I appreciate the interest this posting is generating. It tells me we could do so much more with this topic if we had the time!

Totally_clueless said...

By using x^2/3 instead of x^2, you can come up with a series for pi/6 which, on first glance, is quite different from the one you get by just multiplying the current series by 2/3.

TC

Dave Marain said...

Nice, tc!
Here's another variation that leads to an interesting sidebar:
Consider f(x) = 1/(x+2)
Method I: Rewrite as (1/2)/(1+(x/2)), which leads to the infinite geometric series:
(1/2)[1-(x/2)+(x^2)/4-(x^3)/8+...]=
(1/2)[1-(1/2)x +(1/4)x^2 - (1/8)x^3
+...]
The interval of convergence for this power series in x would be
-2 < x < 2.

Method II: Rewrite f(x) as
1/(1+(x+1)) which leads to the series:
1 - (x+1) + (x+1)^2 - (x+1)^3 -...
with interval of convergence
-2 < x < 0.
To a student this seems paradoxical, that is, 2 different series with 2 different intervals of convergence for the same function.

Let's evaluate both series when
x = -1 which is common to both intervals.
The first series gives
(1/2)[1+1/2+1/4+1/8+1/16+...] =
(1/2)(2) = 1.

The second series also evaluates to 1 since it's a power series around x = -1! Perhaps not paradoxical to us, but interesting nonetheless.
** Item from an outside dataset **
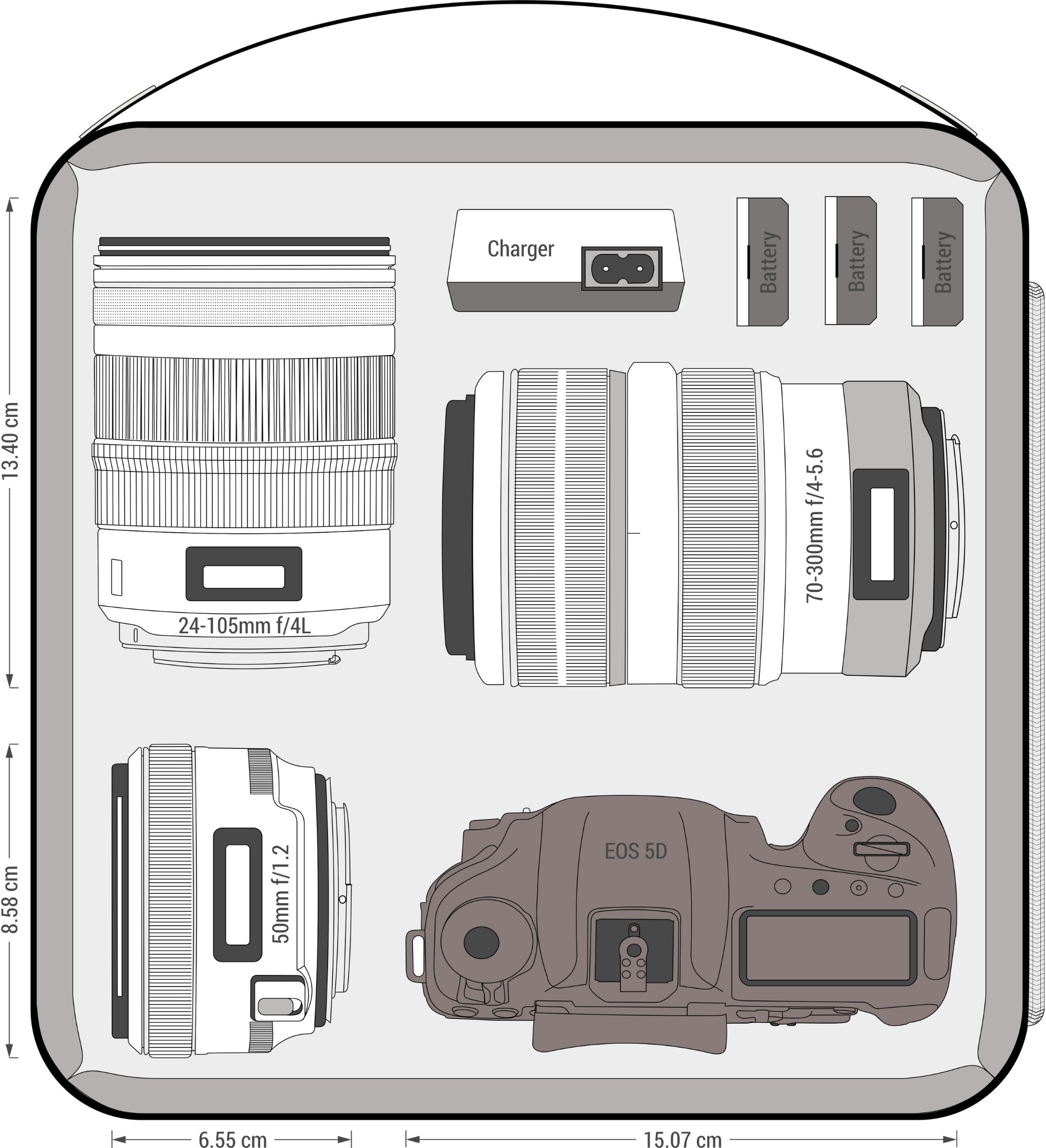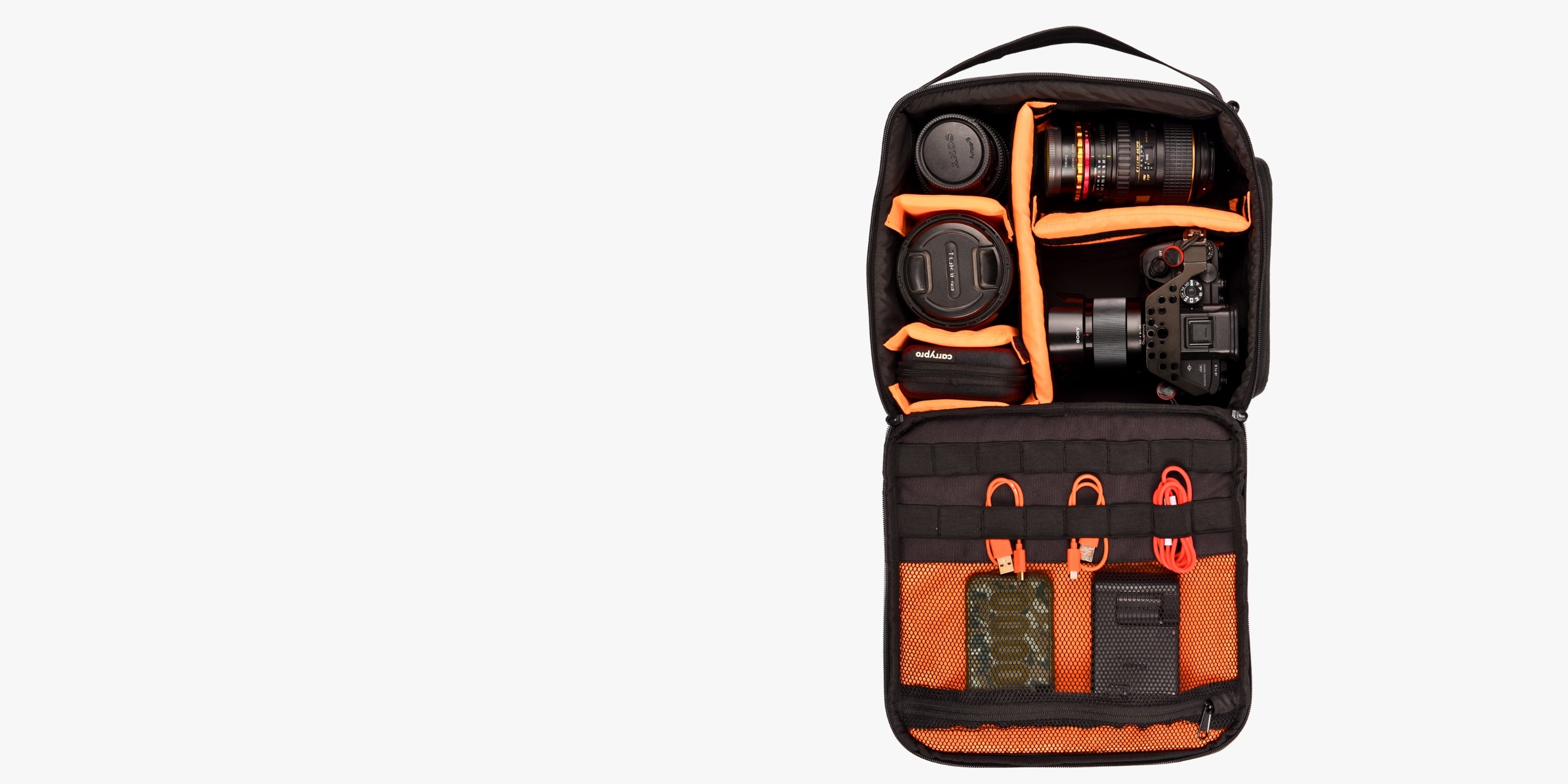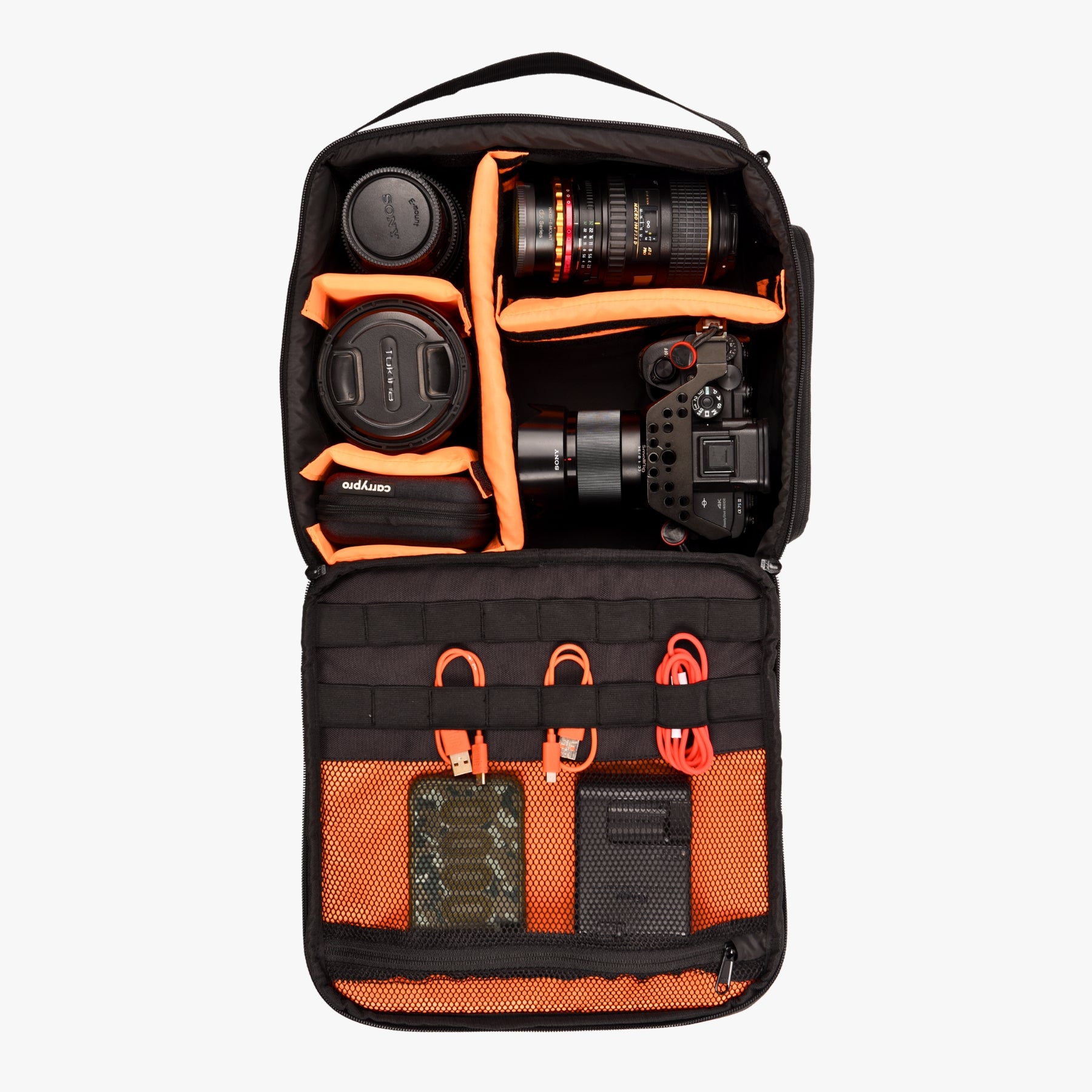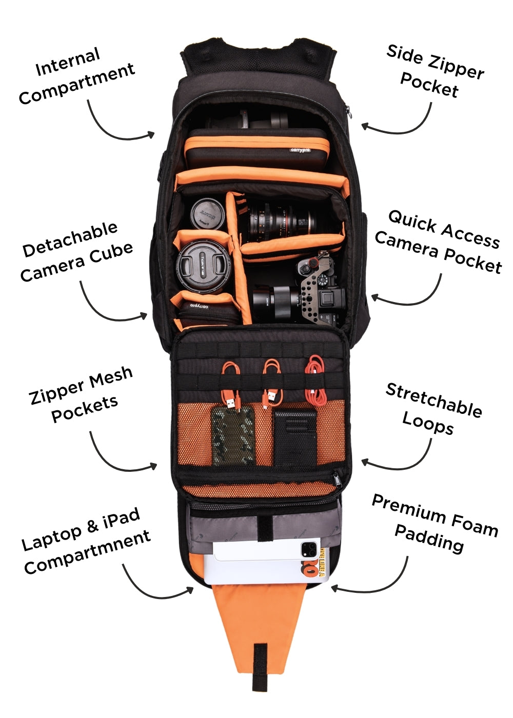 - Detachable Camera Cube with removable sling belt and 5 padded dividers.

When teaching a topic like this in depth these are questions that naturally arise. We need to think about these ideas ourselves...

Eric Jablow said...

In complex analysis, we have this example:

Consider …+z^{−n} + … + z^{−1} + 1 + z + z^{2} + … + z^{n} + …

The terms with nonnegative exponents converge to 1/(1 − z) in some domain. Replace z with 1/z and multiply by 1/z to get that the terms with negative exponents converge to −1/(1 − z) in some domain. The combined sum would be zero, except that the two domains are disjoint.